With the ascendency of Rock and Roll in the 1950s and 1960s, Associated's staple business became making “demo” records for up and coming singers and bands, and for New York's large community of songwriters, publishers and producers seeking to strike it rich with a hit song. Much of the material covered by the artists of the 1950s and 1960s was written by the many great songwriters of the day. These songwriters acted independently of the major record labels, often working for one of the large number of publishing companies inhabiting the Brill Building and surrounding area. Taking the idea for a song, the writers/publishers/producers would come to Associated to cut a demo, often adapting and improvising along the way, which would then be used to try to entice a known artist to cover the song. In most instances, once an act's success was established it would sign with a record label and typically, would thereafter use the label's private studio. Accordingly, making recordings for established artists was only a small portion Associated's business. Nonetheless, many major “hits” where recorded there. Some by up and coming artists who went on to long, successful careers; others by “one hit wonders.” Associated was never involved in mass production of records or tapes. In most cases the end product of a recording session was a session tape and a record made using a lathe to cut a groove on a lacquer-covered aluminum disk.

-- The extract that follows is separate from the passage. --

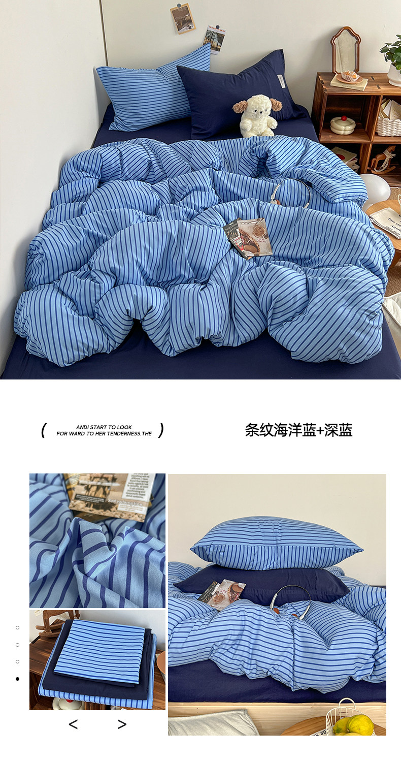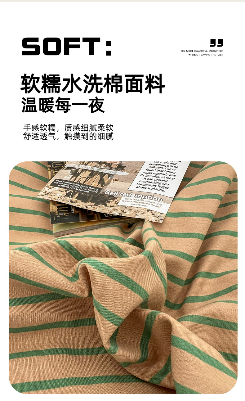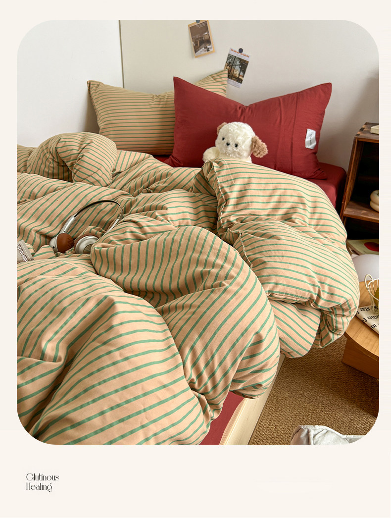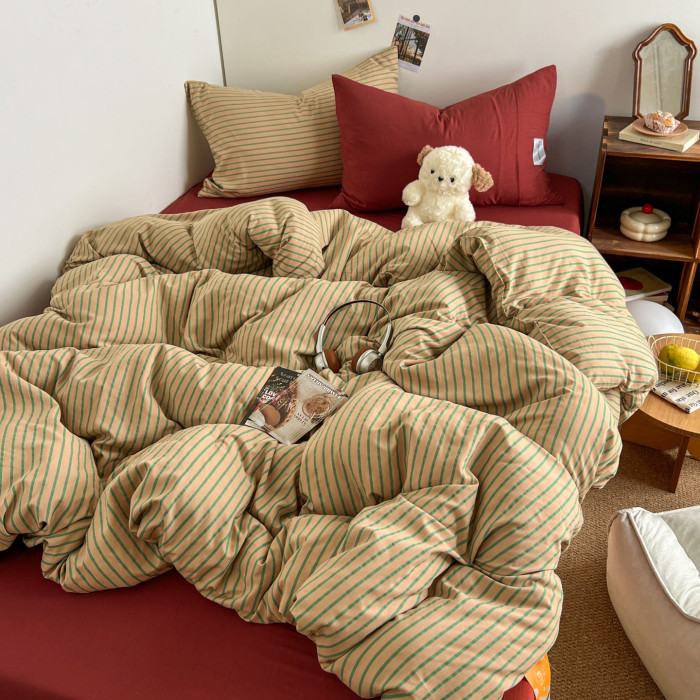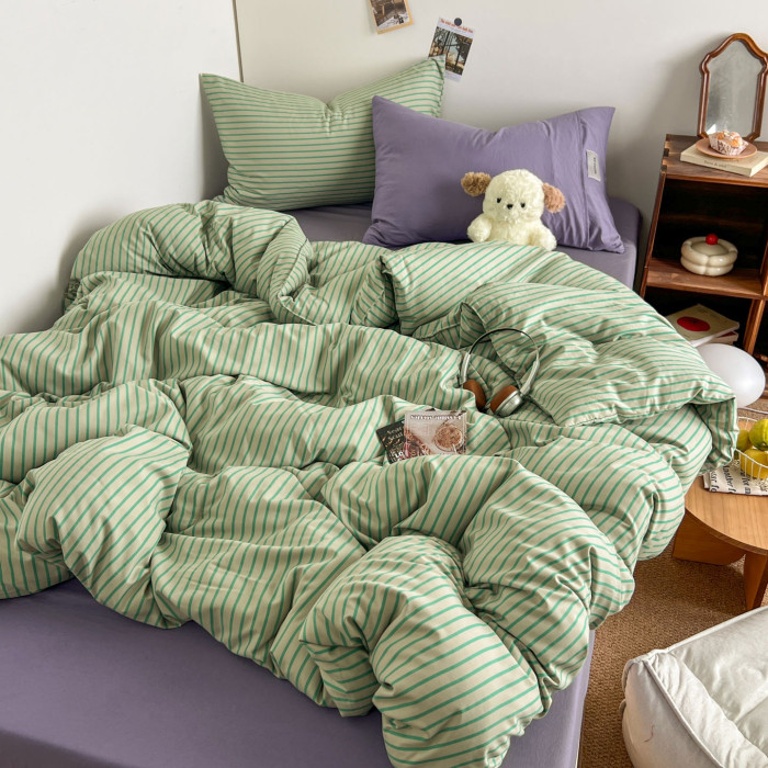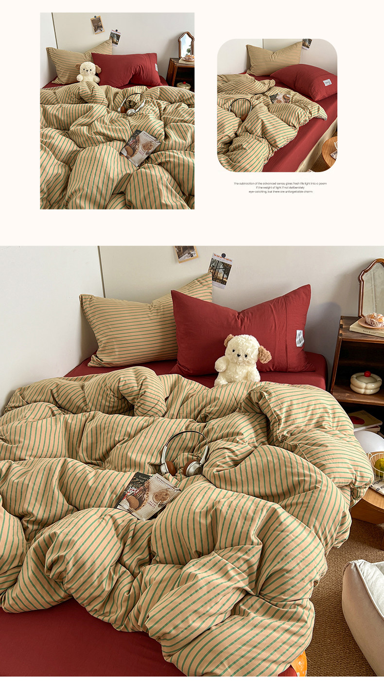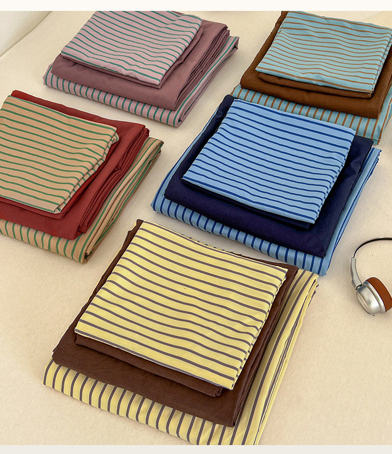 條紋水洗棉簡約四件套透氣親膚床品套件臥室居家柔軟肌理被套組合

While working there as an engineer in 1966, songwriter Jerry Samuels conceived and recorded the novelty hit single, "They're Coming To Take Me Away", which was released by Warner Brothers Records with the artist listed as Napoleon XIV.

==Additional services==
In addition to providing the recording space and equipment, Associated provided engineers and, if requested, hired studio musicians, many of which were enormously talented. It maintained a large assortment of standard and exotic instruments – from penny whistles to Hammond organs, and its engineers were always willing to experiment with new recording techniques to get that new sound many artists were looking for.

==Closure==
The 1970s and 1980s brought major changes to the recording industry which impacted Associated business. During this time, recording technology was changing and developing quickly, and more and more recording artists began writing their own material, cutting the role of independent songwriters. Ultimately, these factors led the Associated's owners to shut down as they neared retirement age.